If excessive consumer demand isn’t the root cause of our current inflation, rising interest rates will likely have less impact today than in past inflationary cycles. Rising rates will also have little to no impact on supply. Therefore we must ask if the Fed is capable of successfully combating inflation this time. It seems unlikely. At least not without help. There would also need to be change in fiscal policy, tax policy and government action to incentivize desired behavior. This is much bigger than the Fed alone.
Absent political will to seriously rein in the excesses, more than likely, in its stare down with the economy and markets, the Fed will blink. Those predicting as many as 7 interest rate hikes this year may be right, but it is hard to imagine this Fed, given all that we have discussed, will intentionally sink the economy by its own hand. There might be 7 rate changes this year. It just seems unlikely they will all be hikes. Afterall, recessions can cure persistent inflation as well.

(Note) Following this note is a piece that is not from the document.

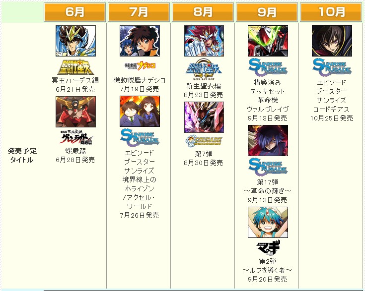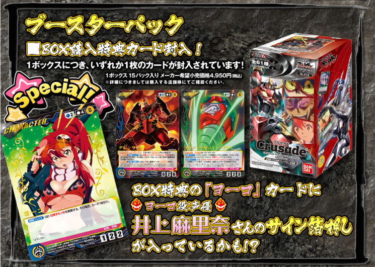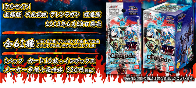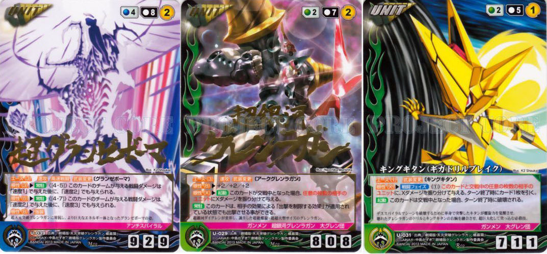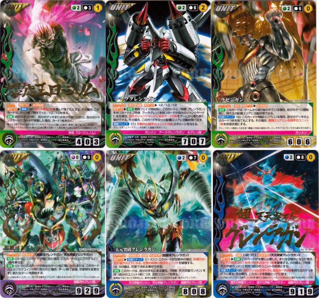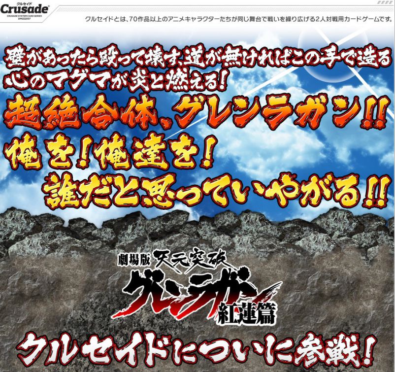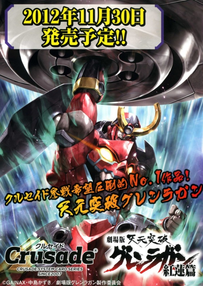 GAINAX的機器人系列作品終於參戰拉!!!官方海報上寫到CRUSADE參戰希望壓倒的NO.1 作品天元突破グレンラガン,官方終於聽到了! 讓我歡喜高興的程度跟當初DYNAMIC CRUSADE(永井豪系列)參戰一樣,DECK組成方面可以跟トップをねらえ!/トップをねらえ2!同樣是GAINAX旗下的作品做混和組成,目前CRUSADE DECK組成規則是以作品(同公司或是同作品系列)系列作為主要構成。

The Fed is indeed capable of causing a recession. Its zero interest policy has been in place for more than a decade. Its impact cannot be reversed in short order without collateral damage. To engineer a soft landing for our economy, the Fed will need help. Anyone here optimistic Washington will rise to the occasion?
There is certainly a lot to consider, but the road to investment success is rarely a smooth one. Yet, as the chart above clearly illustrates, stocks have historically gone higher over time. Do not let the noise force you to make emotional decisions. Stay the course. Stay invested.